News | January 7, 1999

Seagull's Non-Strategic Properties Bring $52.5 Million

Seagull Energy Corporation announced today that it sold non-strategic oil and gas producing properties at the end of 1998 that brought it approximately $52.5 million in gross proceeds that were then used to reduce long-term debt. The properties were located onshore in several areas of the southwestern United States.

The sales, which included two negotiated sales and three auctions, involved the equivalent of approximately 60 bcf in proven natural gas reserves that produced about 20 million cf/d gas equivalent in 1998. In addition selling these non-strategic producing oil and gas properties, Seagull also sold a small gas gathering pipeline and processing facility for $4 million, and hopes to complete the sale of all remaining gathering and pipeline products assets early this year.

James T. Hackett, Seagull's Chairman, President and Chief Executive Officer, said that the sales were to "…streamline operations and focus more attention on our core operations in today's environment of low commodity prices." He added that these sell-offs were only the beginning of a continuing process of rationalizing non-strategic assets, both in the immediate future and after the pending merger with Ocean Energy, Inc., scheduled to be concluded this quarter.

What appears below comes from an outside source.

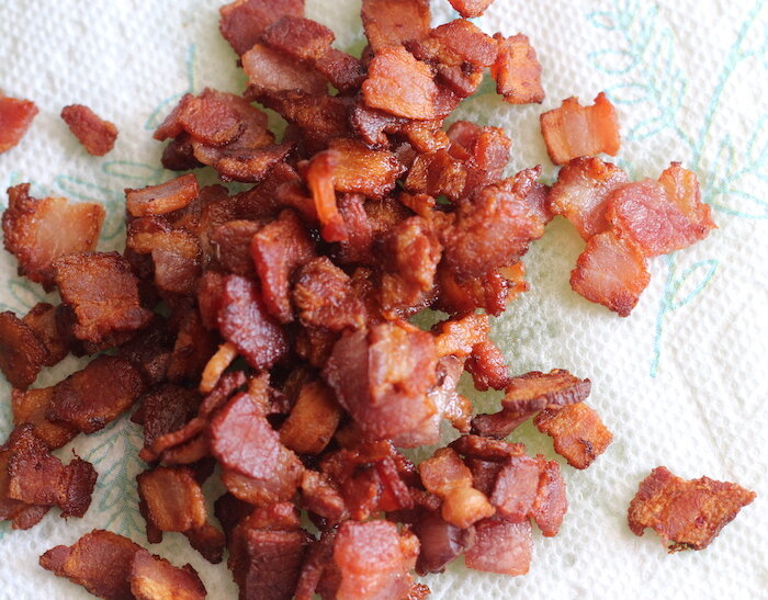 Пока тесто поднимается, приготовьте нарезанные кусочки из 4 ломтиков бекона и обжарьте их; Вы будете использовать этот бекон для начинки. (Оставьте сырые кусочки от двух других ломтиков, которые вы нарезали, для начинки.) Обжаривайте кусочки, пока они не станут темными и хрустящими. После приготовления отложите бекон на бумажное полотенце.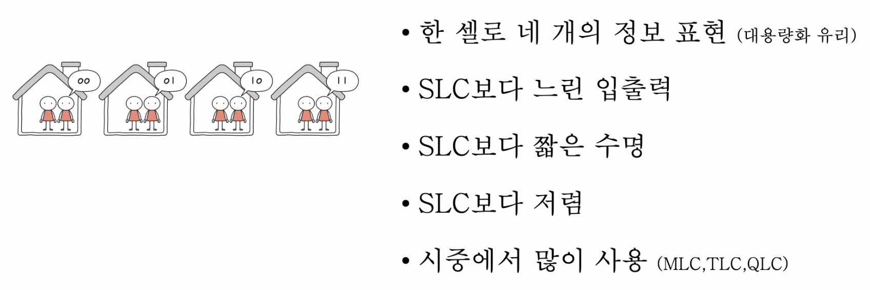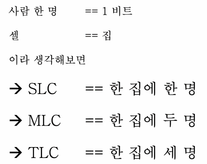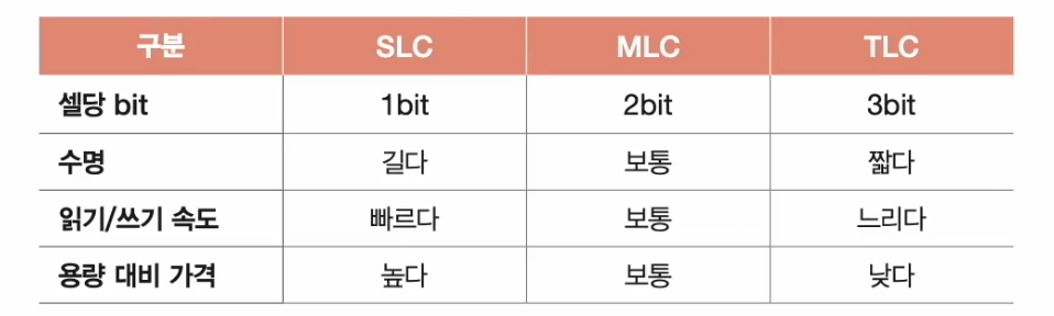 - SLC(single level cell): 한 셀에 1비트를 저장할 수 있는 플래시 메모리

Hackett said that $100-200 million in asset dispositions during 1999 and 2000 are being contemplated following completion of the merger. Sales of less efficient high cost properties are expected to result in operating efficiencies over and above the $45 million in general and administrative cost reductions the companies expect to realize in their first year as a new entity.

Seagull, based in Houston, is an international oil and gas company engaged in exploration and production in the United States, Cote d'Ivoire, Egypt, Indonesia, and Russian Tatarstan. It also transports and distributes natural gas in the Anchorage, Alaska area.